KSHV infection activates STAT3 and to a lesser extent STAT6 in macrophages while slightly affects STAT1 phosphorylation
We investigated whether KSHV-induced M2-like/TAM polarisation could correlate with the activation of the molecular pathways usually activated in M2-like/TAM cells. We found that viral infection increased the phosphorylation of STAT3 and to a lesser extent of STAT6, molecules activated in M2 polarised macrophages (Fig. 3a, b). Conversely STAT1, phosphorylated in M1-polarised macrophages exposed to LPS plus IFN-γ, was almost unaffected by KSHV-infection (Fig. 3c). These results indicate that the virus was able to phosphorylate somehow the molecular pathways typically activated in M2-polarised macrophages.

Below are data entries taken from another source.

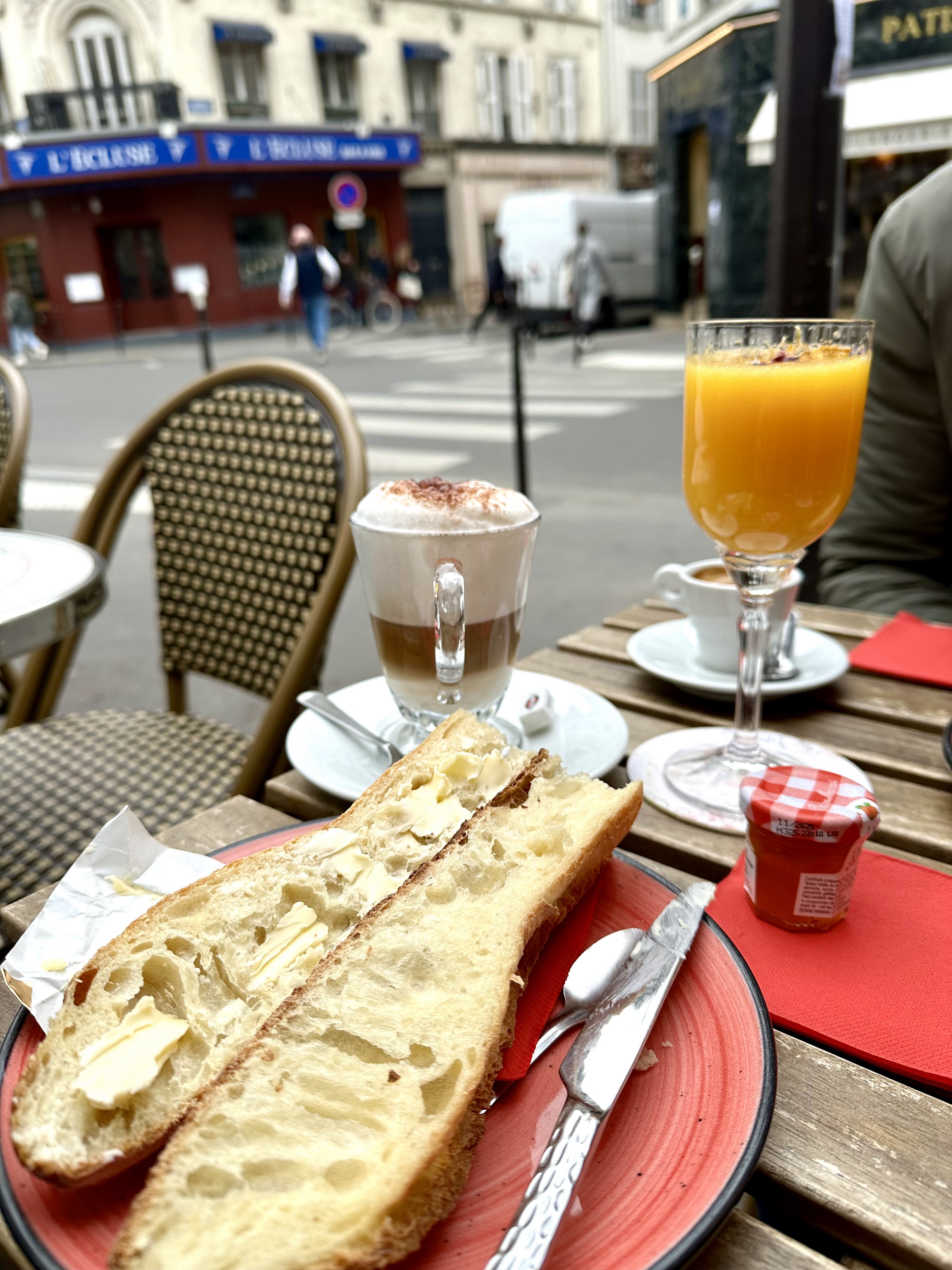 Excellent petit déjeuner/brunch a 21€, très bonne portion avec pain, croissant, confiture beurre, chaucolat chaud, jus d'orange pressé, omelette salade, fromage blanc muesli, tout ça en bonne quantité ! Je suis jamais rassasié dans les restos a Paris mais pour une fois j'ai vraiment été repu ! C'était vraiment Parfait, l'accueil très bien, le cadre très bon... bref j'ai juste hâte d'y retourner
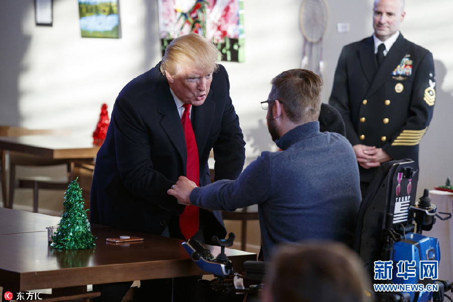 當(dāng)?shù)貢r間21日,美國馬里蘭州,美國總統(tǒng)特朗普訪問沃爾特-里德國家軍事醫(yī)療中心,慰問受傷士兵和家屬,并與退伍的海軍陸戰(zhàn)隊(duì)中士John Peck交談。
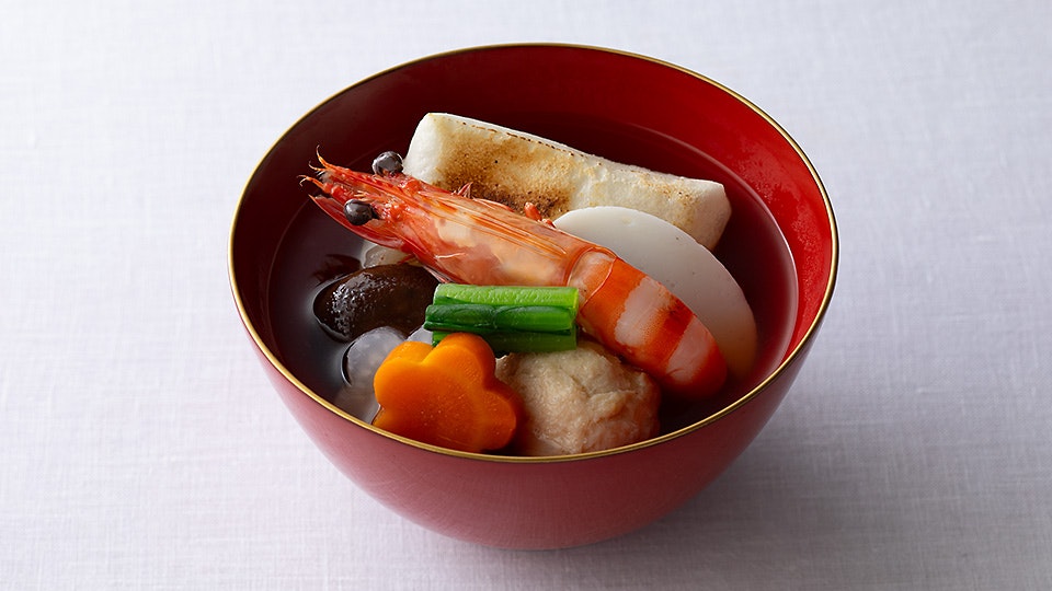 関東風雑煮とも呼ばれ、広い地域で似たものが食べられている「江戸雑煮」。小松菜、鶏の組み合わせで「なとり=名取り」で名を上げる、「ミソをつける」を嫌っての醤油仕立てと、武家らしい縁起担ぎの組み合わせ。車海老やかまぼこを使い、彩りよく盛り合わせるところに、江戸の粋を感じます。今回は、うまみある鶏つくねを加えました。
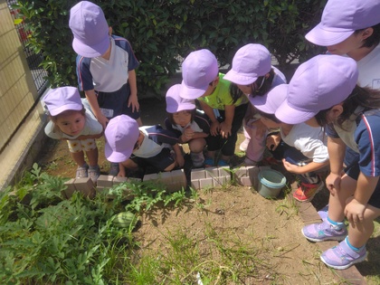 「大きくなってきたね」と保育者が言うと、「この前、皆で草取りしたから、大きくなったんだよ!」と得意気な返事が返ってきました。

a STAT6, b STAT3 and c STAT1 activation in M1, M2 and KSHV-infected macrophages was evaluated by western blot analysis. β-actin (β-ACT) was used as loading control. A representative experiment out of three is shown. Histograms represent the mean plus S.D. of the densitometric analysis of the ratio of pSTAT/STAT and STAT/ β-ACT. For pSTAT6 the short exposure was used for densitometric analysis. *p-value < 0.05 was calculated between KSHV-infected macrophages and M1 polarised cells.
KSHV activates UPR and up-regulates PD-L1 on the surface of infected macrophages
STAT3 and STAT6 have been reported to activate Ire1α arm of UPR and viral infection may trigger UPR by inducing ER stress or even by engaging the PRRs.18 Therefore, we next investigated whether KSHV could activate UPR in infected macrophages and found that the expression of Ire1α and its target XBP1s as well as ATF4 increased, suggesting that Ire1α and PERK branches of UPR were activated. In correlation with the activation of these sensors, an up-regulation of BIP and CHOP, the pro-survival and pro-death molecules of UPR, was also observed (Fig. 4a, b). As UPR triggering has been reported to up-regulate the expression of the immune checkpoint inhibitor PD-L1,24 we next evaluated whether KSHV could do so in infected macrophages. As shown in Fig. 4c, d, FACS analysis indicated that the expression of PD-L1 increased in KSHV-infected cells in comparison to mock-infected control, effect that may strongly contribute to the impairment of immune response.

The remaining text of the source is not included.